Le 5 mars 2025, des policiers se rendent au siège du journal « le Pays » à Ndjamena, et présentent au directeur de publication Olivier Monodji, un mandat d’amener signé par le procureur général de la République. Le journaliste doit suivre les policiers, destination : la Coordination de la police judiciaire. Sur place, il est placé en garde à vue. Deux jours plus tard, le 7 mars, il est entendu pour la première fois par des officiers de la police judiciaire. Cette audition est interrompue en raison de la présence d’une personne non habilitée lors de l’interrogatoire. L’avocat de la défense demande et obtient la suspension de l’audition.
À aucun moment, durant les six premiers jours de détention d’Olivier Monodji, les motifs de son arrestation et de sa garde à vue ne lui sont notifiés. Le 11 mars 2025, Olivier Monodji est formellement accusé d’« intelligence avec l’ennemi, attentat contre les institutions, complot, atteinte à l’ordre constitutionnel », par le procureur de la République du tribunal de grande instance de Ndjamena, puis écroué à la maison d’arrêt de Klessoum.
Une arrestation sans fondement et une tentative de museler la presse
Les avocats de la défense ont souligné, à plusieurs reprises, que le dossier judiciaire à l’encontre de leur client est vide et que les accusations portées contre lui sont excessives, motivées par une volonté de contrôler et de restreindre la liberté d’informer au Tchad. Pour eux, l’arrestation d’Olivier Monodji viole les principes fondamentaux de la procédure judiciaire et du droit à la défense. L’Union des journalistes du Tchad (UJT) et le Patronat de la presse tchadienne (PTT) ont également exprimé publiquement leur vive inquiétude concernant cette affaire.

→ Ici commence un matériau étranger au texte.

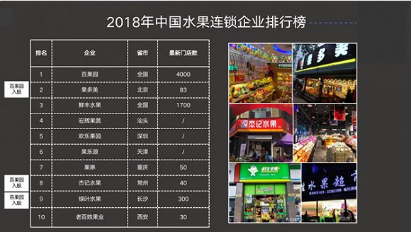 2018年整个中国水果连锁企业的排行榜上,百果园是第一,它收购的果多美是第二。后面的第八、第九名百果园通过投资方式完成整合。
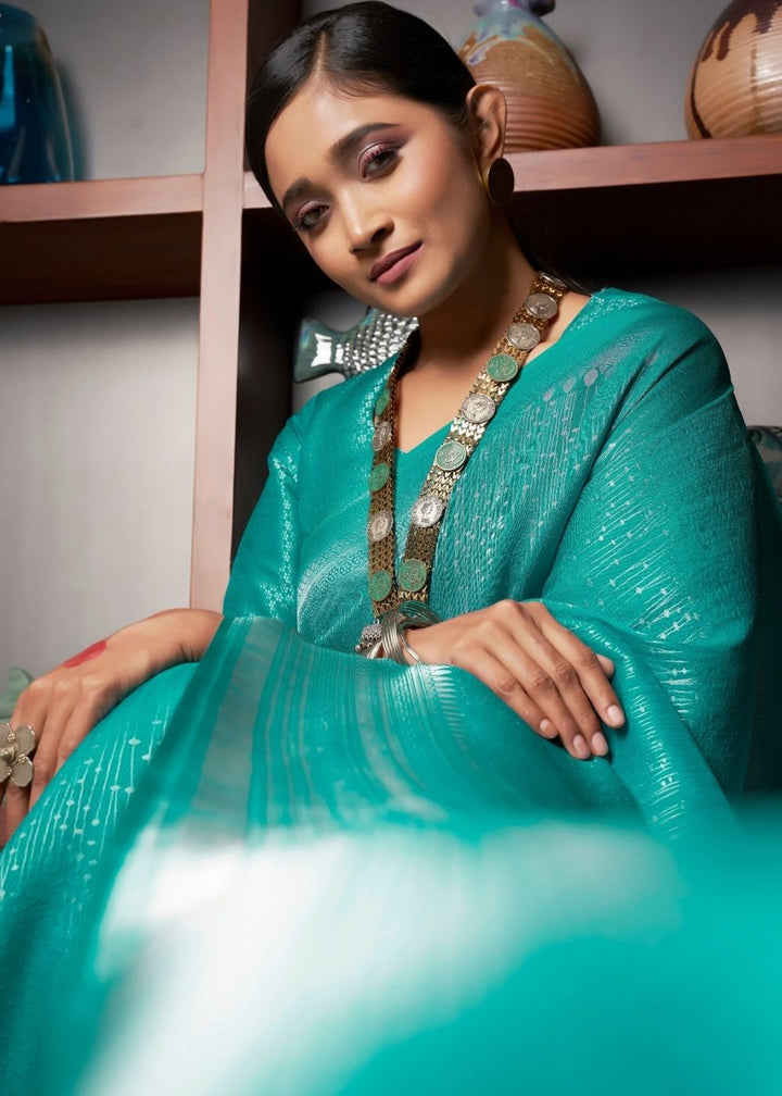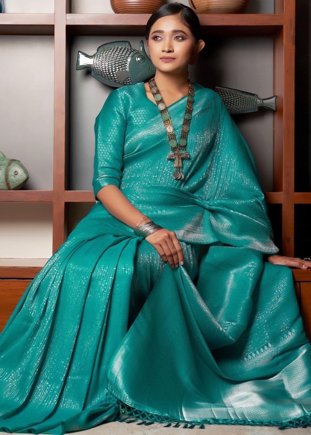Embrace your vibrant spirit with our assemblage of these tasteful Kanjivaram silk sarees wrapped in love and warmth. Enhanced by intricate silver zari work by our expert weavers of South India, this beauty comes in shades of turkish blue. A masterpiece in itself, this shimmering piece is designed meticulously to amplify your momentous occasions.

Pour les autorités tchadiennes, Olivier Monodji est accusé de complot contre l’État et d’intelligence avec une puissance étrangère, en l’occurrence la Russie. Ces accusations sont liées à ses reportages sur la situation au Sahel, y compris des articles portant sur la présence russe dans la région. Il aurait fourni « des informations liées à la sécurité et à l’économie » du pays et « d’avoir travaillé avec le groupe paramilitaire russe Wagner ». La demande de remise en liberté provisoire d’Olivier Monodji a été refusée par le juge d’instruction, le 9 avril 2025.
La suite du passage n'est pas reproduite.